NSD in my opinion is very different from PowerDNS. Its design is consistent and logical. This, in my opinion does not apply to PowerDNS. What I encountered was:

a) PowerDNS refused to offer a TLS protected API. First it sounded like a bad joke for me, but they are serious: "Indeed. We are not doing this. Closing ticket, sorry!" (Add SSL support to the API #6521). This alone makes PowerDNS useless for me. TLS is a common standard and their is no room to argue that.
b) They refused to fix bugs, if you are not providing **absolutely unredacted** logs, even and especially for cases, where the sensitive data is obviously not required at all. No unredacted logs? No bug.
c) Design problems where it seems they moved program logic into the database. Even if it uses a relational database such like MySQL, for a DNS server, it is (in my opion) absolutey not the databases responsibilty to prevent duplicate entries. The DNS server itself needs to prevent that. It is simply a sensitive piece of software.

Thus, if you say my statement is not true, that may be true for hosters which handled these problems *or* just do not care about these problems. About missing TLS, about misleading error logs, about authoritative developers which refuse to fix bugs which are evident. But from my perspective, this is not a project I would ever use in a setup where I am required to rely on a consistent and logical build software.

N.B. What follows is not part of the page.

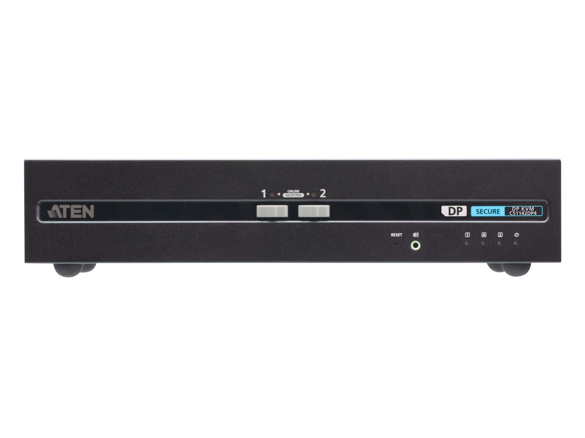 The CS1142DP4 is a PSD PP v4.0 compliant secure KVM switch designed to provide trusted peripheral sharing between two isolated systems. It allows a single keyboard, mouse, dual DisplayPort monitors and a speaker to be shared while enforcing strict data isolation and unidirectional data flow. This model is produced in Taiwan and meets rigorous security standards for sensitive environments.
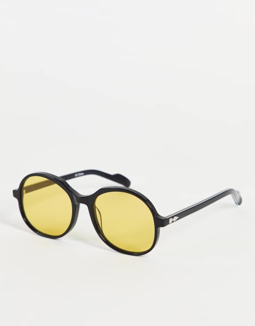 Spitfire – Cut Twenty Seven – Svarta runda solglasögon i oversize med citrongula glas för kvinnor

NSD met these requirements easily and the developers were never unhelpful or authoritative.

Still my opinion of course, but these are reasons which lead to my decision to not use it and especially never recommend it over NSD.

--Kaulkwappe

----------------------------------------------------------------
From: Anand Buddhdev <anandb at ripe.net>
Sent: Monday,  7. Jun 2021 – 00:03  CEST +0200
To: Kaulkwappe <kaulkwappe at prvy.eu>

Subject: Re: [nsd-users] (no subject)

On 06/06/2021 17:22, Kaulkwappe via nsd-users wrote:

Hi Kaulkwappe,

>>  1. PowerDNS - Has got a very good reputation and a very good manual.
> I have to strongly advise against PowerDNS. In my opinion it is not
> robust and serious enough for long-term use. I had many problems with it.

I have to disagree with you. PowerDNS is used by many large hosting
providers, and it serves thousands, if not millions, of domains. And not
only that, but it provides DNSSEC signing for them. The PowerDNS
developers are very smart, helpful, and responsive to bugs and feature
requests. They regularly contribute to the design and improvement of the
DNS protocol in the IETF. Your statement that it is not "robust and
serious enough" is certainly not true.

> I cannot say anything about Knot, but another alternative is YADIFA
> (developed by EURid). I tried it out a few years ago, but then I have
> chosen NSD. YADIFA's mailing list was quite unresponsive at that time.
> But maybe the situation is better today. It doesn't look bad at all.

Yes, YADIFA is also one of the choices. However, as far as I am aware,
it is not in use for any critical DNS infrastructure. I personally don't
know anyone who uses it. Its user community is quite small, and there
isn't much collective knowledge about it. I would certainly NOT
recommend it to someone who doesn't work with DNS servers all day.